Santa Cruz County Bank Arts Collaborative, Capitola, Santa Cruz, Scotts Valley, and Watsonville Branches. www.sccountybank.com; 831.457.5000

Few banks employ their own curator, but this repository of Santa Cruz County's financial and cultural wealth is serious about growing creative capital. Curator Joan Blackmer selected art created from recycled or found materials, "showing the transformative process as an artist picks up an object and puts new life into it." Find herein works of whimsy and nostalgia, stories told by juxtaposition and illusion by Jody Alexander, Rick Carpenter, John Chappell, Betty Linderman, Ann Morhauser, Philo Northrup, Nora Sakissian, Daniella Woolf, Robert Larson and Roy Holmberg. One work by Daniella Woolf seems particularly apropos: a giant encaustic collage of her mother's checks.

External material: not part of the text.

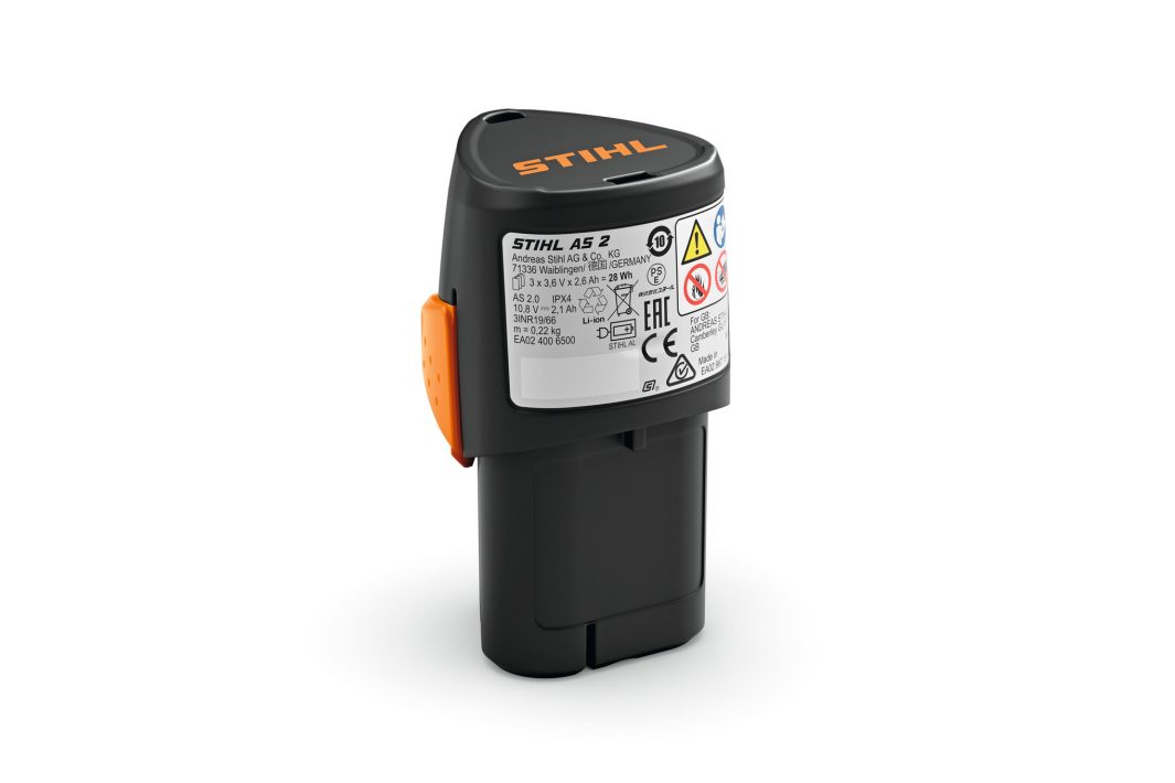 Stihl AS 2 Battery (10.8 V, 28 Wh, 0.22 kg) delivers constant power to AS System tools, features IPX4 protection, and recharges quickly with AL 1 or AL 5 chargers.

Altogether: Collage and Assemblage
March 6-April 3
Reception: March 14, 3-5pm

Santa Cruz Art League, 526 Broadway, Santa Cruz. www.scal.org; 831.426.5787

Nearly 350 works were entered in this national juried exhibition, a huge response even by Art League standards. There was no requirement that the artist be a professional. The exhibition was open to those who may only ever have made one artwork: the apotheosis of a welder's or a stitcher's craft or the culmination of years of collecting. A few of such pieces are exhibited, along with collage and assemblage by artists well known for other art forms, working on their wild side. I was the juror of this exhibition, which is a fascinating snapshot of current work by artists nationwide.

3x3: three artists--three installations
March 13-April 24
Reception: March 12, 4:30-6:30pm

Cabrillo Gallery, Cabrillo College, 6500 Soquel Dr., Room 1002, Aptos. www.cabrillo.edu/services/artgallery; 831.479.6308

Three artists were invited by curators Tobin Keller and Rose Sellery to engage with the specific space of the gallery to create new works. Jack Howe (whom Keller describes as "Cornell meets Kienholtz") draws on his collection of old dolls and other figures to build a space with the feeling of ritual. Just what ritual exactly isn't clear, but the dolls take on a creepy presence. Philo Northrup metamorphizes new vibrant realities for old toys, trophies, castoffs by reorganizing their meaning, juxtaposing and coloring them differently to achieve a feeling of narrative and mysterious logic just beyond grasp. Ruth Boerefijn's delicate tendrils of wire and strings and fragments connects everything, softly.